1: ISO/IEC 27001:2022 Lead Auditor (Information Security Management Systems) Course by CQI and IRCA Certified Training 1 2: ISO/IEC 27001 Lead Auditor Training Course by PECB 2

NEW QUESTION # 60
Does the security have the right to ask you to display your ID badges and check your bags?

• A. False
• B. True

Answer: B

Explanation:
Explanation
The security has the right to ask you to display your ID badges and check your bags. This statement is true, as it is part of the physical security measures that the organization implements to prevent unauthorized physical access, damage and interference to its information and information processing facilities. The security personnel are authorized to verify the identity and authorization of anyone entering or leaving the premises, as well as to inspect any bags or items that may contain information or information processing equipment. This is done to ensure that no information or assets are stolen, lost, damaged or compromised by unauthorized persons. ISO/IEC 27001:2022 requires the organization to implement physical and environmental security controls to prevent unauthorized physical access, damage and interference to the organization's information and information processing facilities (see clause A.11). References: CQI & IRCA Certified ISO/IEC
27001:2022 Lead Auditor Training Course, ISO/IEC 27001:2022 Information technology - Security techniques - Information security management systems - Requirements, What is Physical Security?

NEW QUESTION # 61
Which of the following is a possible event that can have a disruptive effect on the reliability of information?

• A. Vulnerability
• B. Threat
• C. Dependency
• D. Risk

Answer: B

Explanation:
A possible event that can have a disruptive effect on the reliability of information is a threat. A threat is anything that has the potential to harm an asset or its protection, such as a natural disaster, a human error, a malicious attack, etc. A threat can exploit a vulnerability or weakness in an asset or its protection and cause an adverse impact on the confidentiality, integrity or availability of information. ISO/IEC 27001:2022 defines threat as "potential cause of an unwanted incident, which can result in harm to a system or organization" (see clause 3.48). Reference: [CQI & IRCA Certified ISO/IEC 27001:2022 Lead Auditor Training Course], ISO/IEC 27001:2022 Information technology - Security techniques - Information security management systems - Requirements, What is Threat?

NEW QUESTION # 62
Which one of the following options is the definition of an interested party?
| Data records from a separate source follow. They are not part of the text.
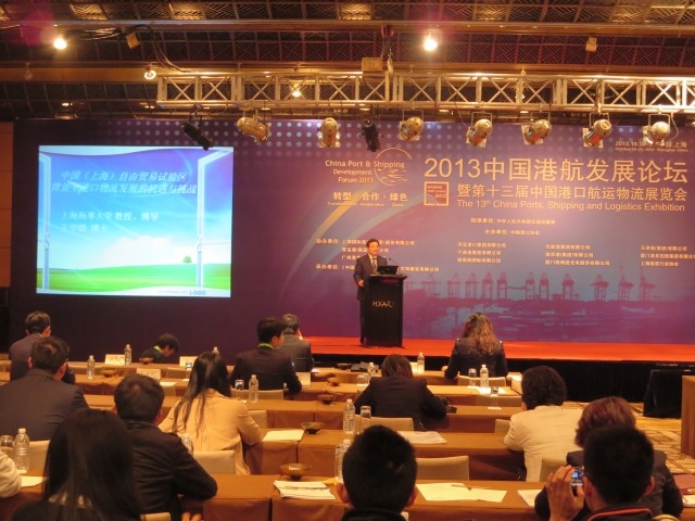 以“转型、合作、绿色”为主题的2013中国港航发展论坛暨第十三届中国港口航运物流展览会于2013年10月30日至31日在上海金茂君悦大酒店举行。原交通运输部副部长徐祖远和港航相关单位领导、专家出席此次论坛,伟德Betvictor(中文版)APP下载 教授王学锋老师作了主题为“上海自贸区港航负面清单”的精彩演讲,伟德betvictor 一百多名研究生参加了此次论坛。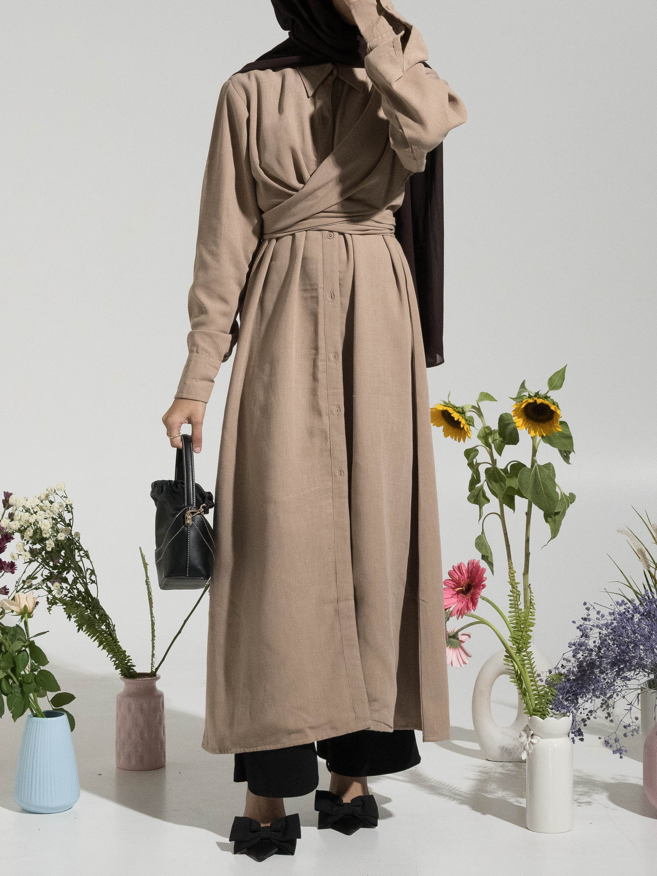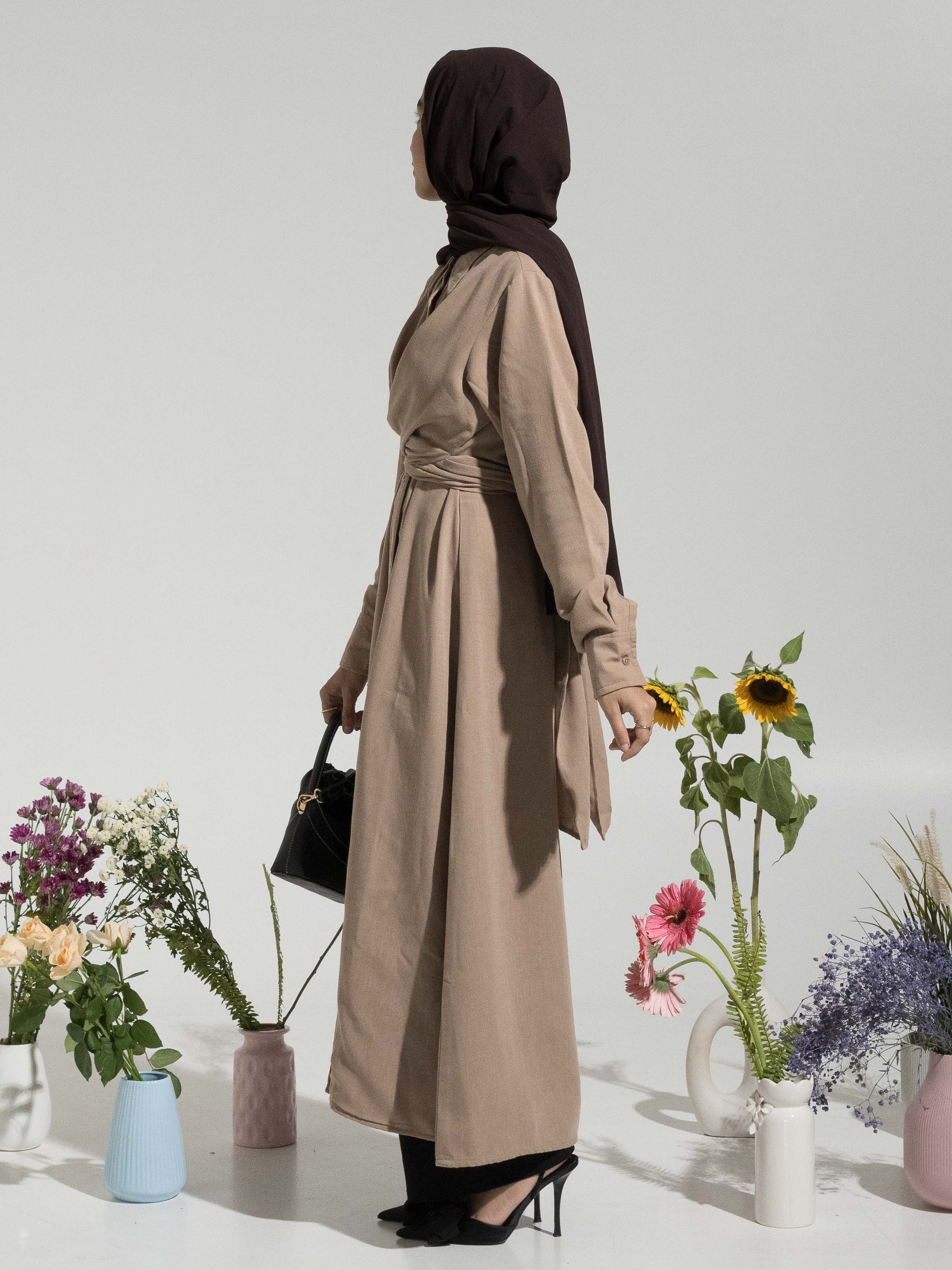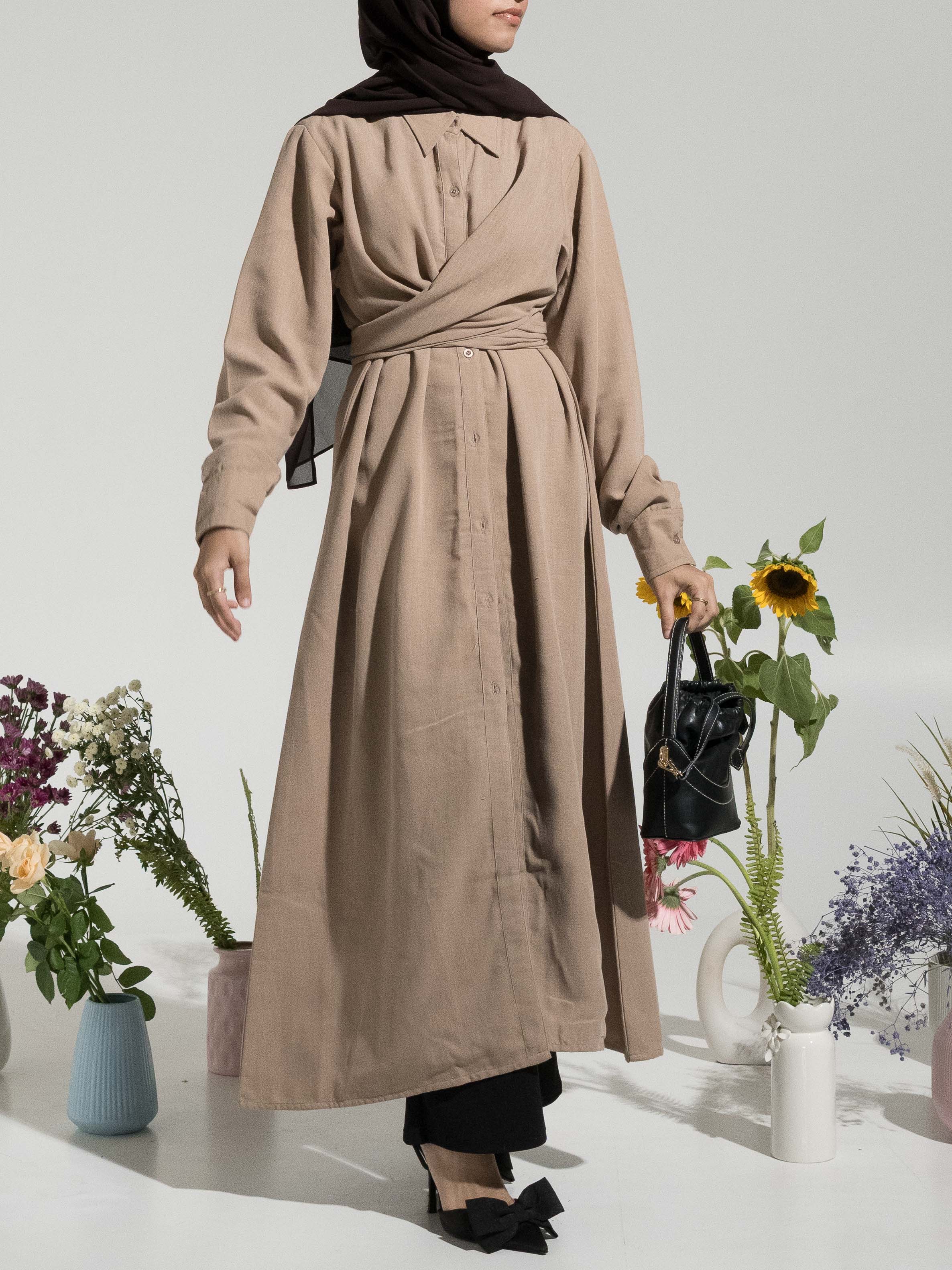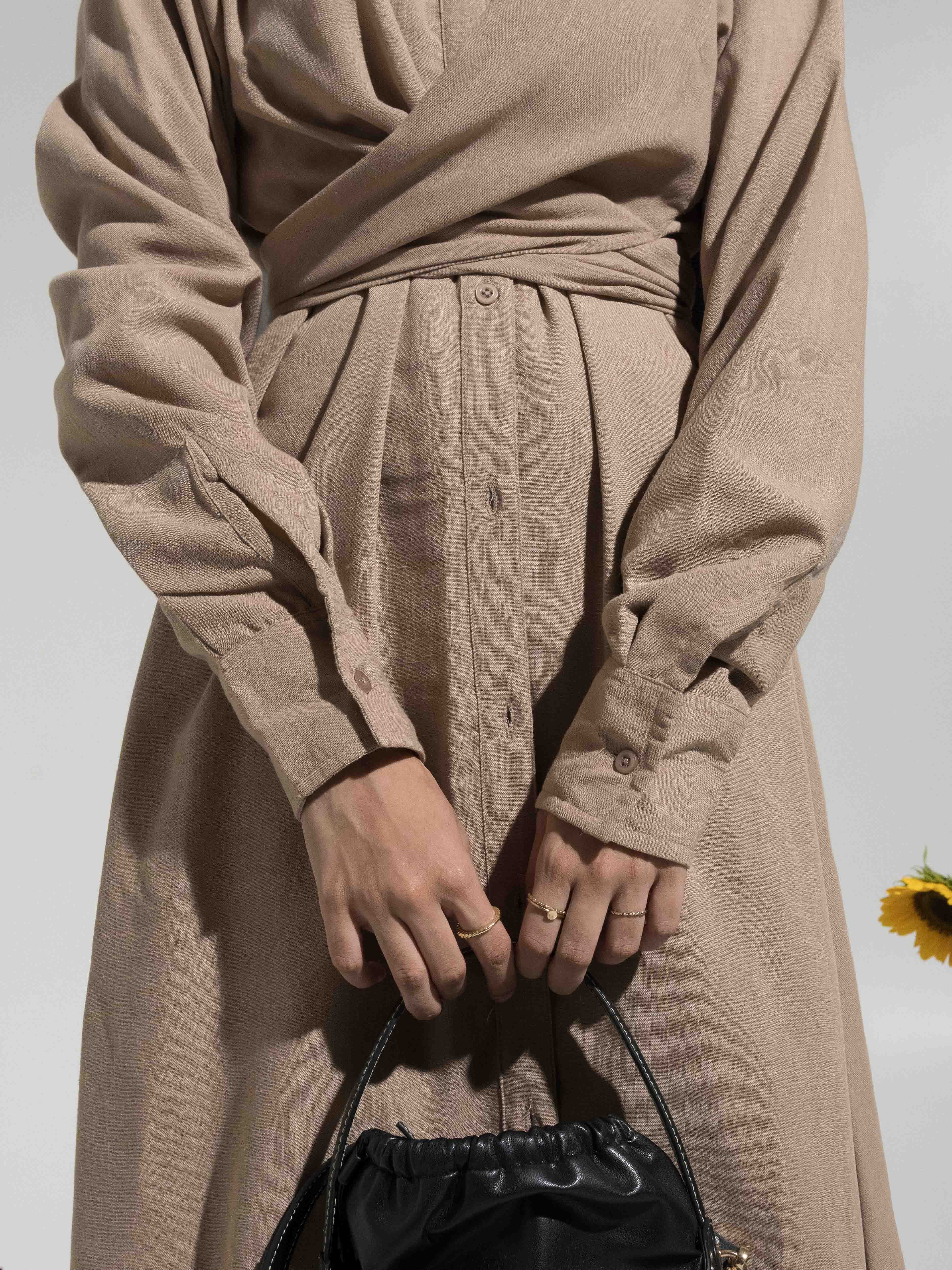 Sadie Tie-Up Shirt Dress - Beige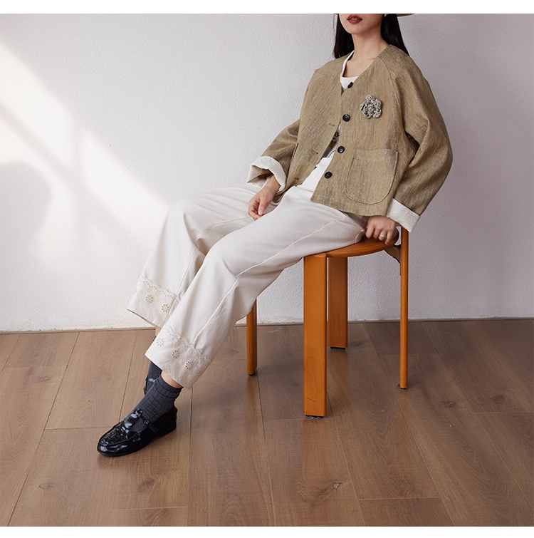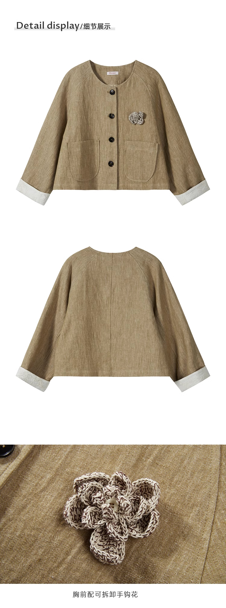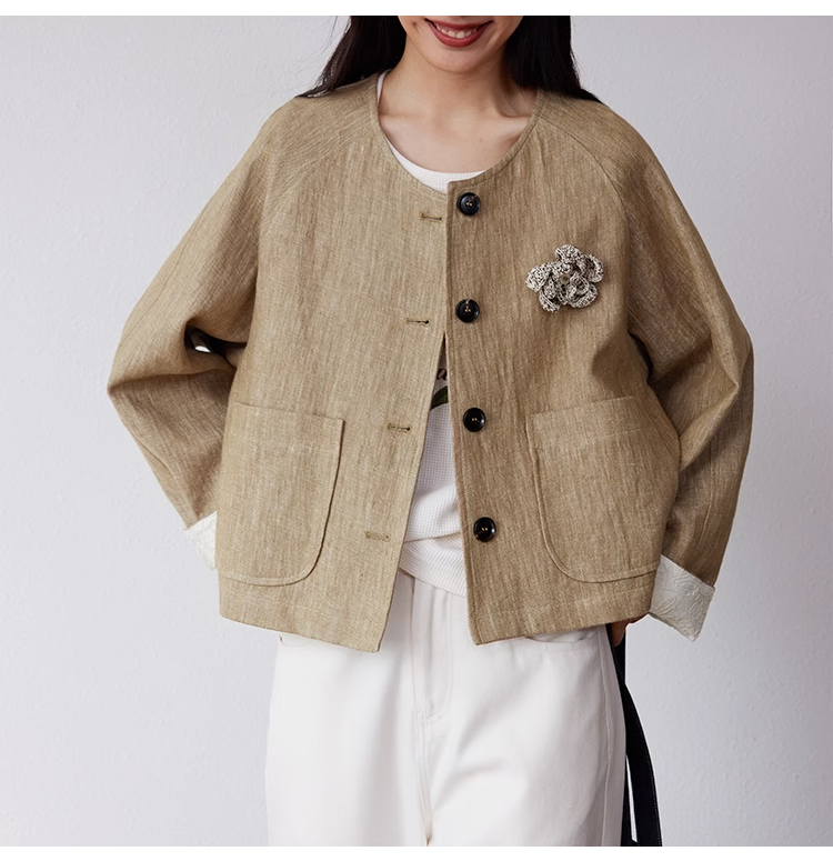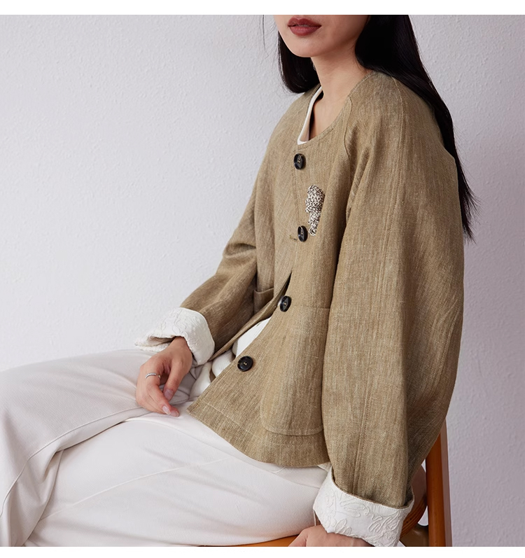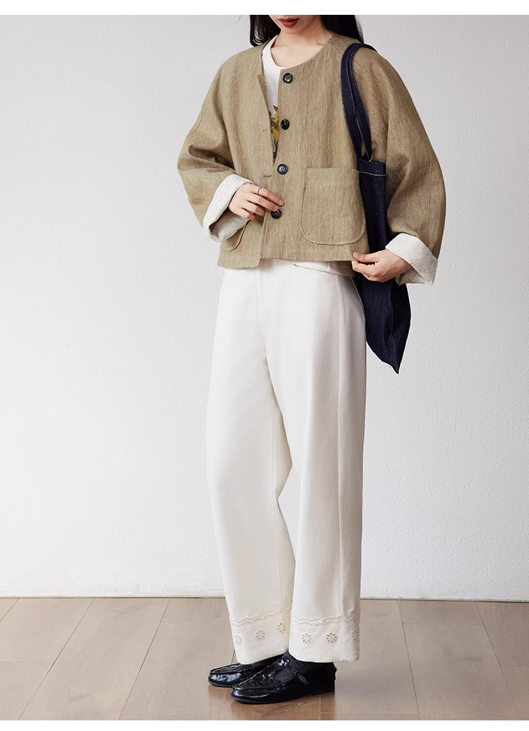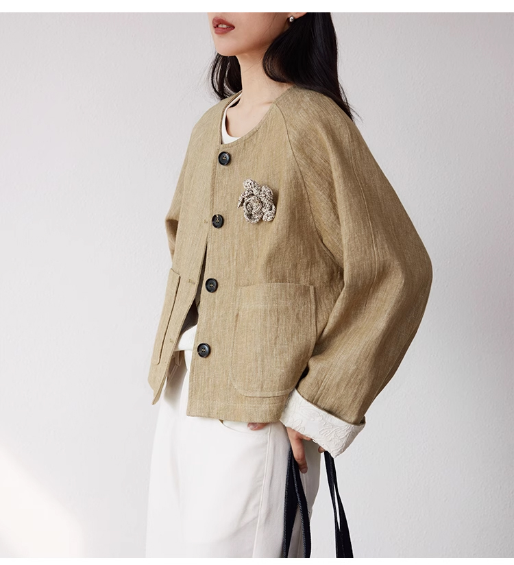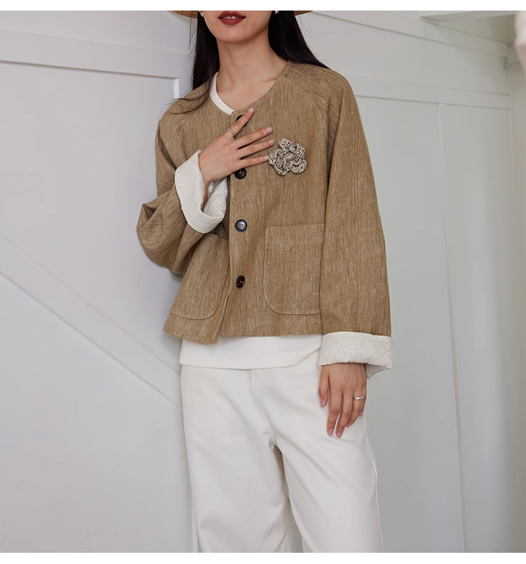裁缝学苑AQ369亚麻短外套纸样女装插肩袖圆领长袖上衣样板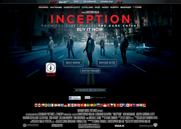 The second film website I decided to analyse was our main source text ‘Inception’, which in terms of creativity was my favourite. I noticed that Warner Bros always kept the production names and logos always at the bottom of each of their film websites. Also, there is an opportunity for viewers to stay connected with the Facebook ‘like’ button just at the bottom of the page which is a viral marketing technique to help gain exposure for the film. Similar to ‘I am Legend’ the puff at the top of the page offers DVD options for a chance to buy. In addition, I came under the realisation that the main point of a film website is try and get viewers to buy the DVD emphasised by the bold capitals of ‘BUY IT NOW’ spread throughout the main page above.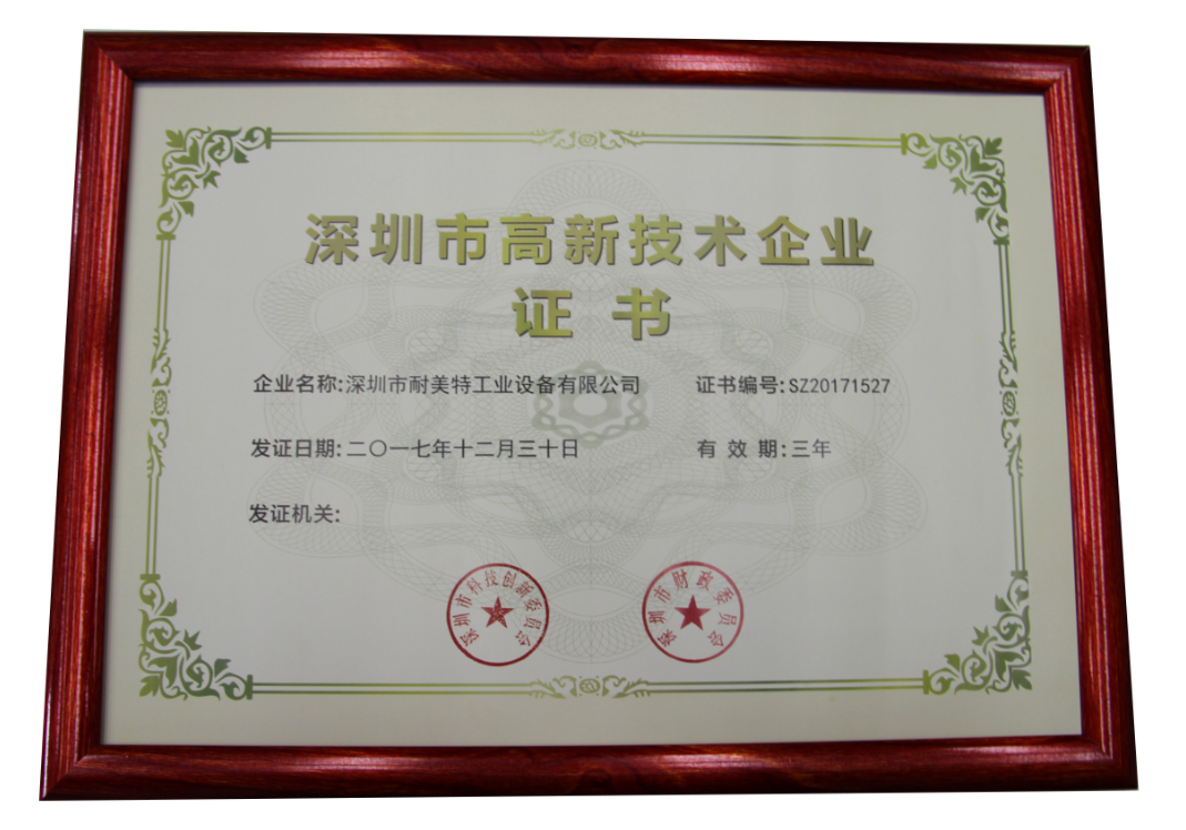 2018年伊始,深圳ag九游会登录j9入口旧版工业设备有限公司喜迎佳音——根据国家《高新技术企业认定管理办法》和《高新技术企业认定管理工作指引》的相关规定,ag九游会登录j9入口旧版工业设备被认定为国家级高新技术企业。近日,公司也已收到了由深圳市科技创新委员会、深圳市财政委员会、深圳市国家税务局、深圳市地方税务局联合颁发的“国家高新技术企业”认定证书,由此正式迈入国家高新技术企业行列。

• A. A third party can appeal to an organisation when it perceives itself to be affected by a decision or activity
• B. An individual or organisation that can control, be controlled by, or perceive itself to be controlled by a decision or activity
• C. A person or organisation that can affect, be affected by or perceive itself to be affected by a decision or activity
• D. A group or organisation that can interfere in or perceive itself to be interfered with by a management decision

Answer: C

Explanation:
Explanation
This is the definition of an interested party according to ISO 27001:2013, clause 3.16. An interested party is essentially a stakeholder, i.e., a person or organization that can influence or be influenced by the information security management system (ISMS) or its activities. Interested parties can have different needs and expectations regarding the ISMS, and these should be identified and addressed by the organization.
References:
ISO/IEC 27001:2013, Information technology - Security techniques - Information security management systems - Requirements, clause 3.16 PECB Candidate Handbook ISO 27001 Lead Auditor, page 10 Identifying interested parties and their expectations for an ISO 27001 ISMS Examples of ISO 27001 interested parties

NEW QUESTION # 63
You are carrying out your first third-party ISMS surveillance audit as an Audit Team Leader. You are presently in the auditee's data centre with another member of your audit team.
Your colleague seems unsure as to the difference between an information security event and an information security incident. You attempt to explain the difference by providing examples.
Which three of the following scenarios can be defined as information security incidents?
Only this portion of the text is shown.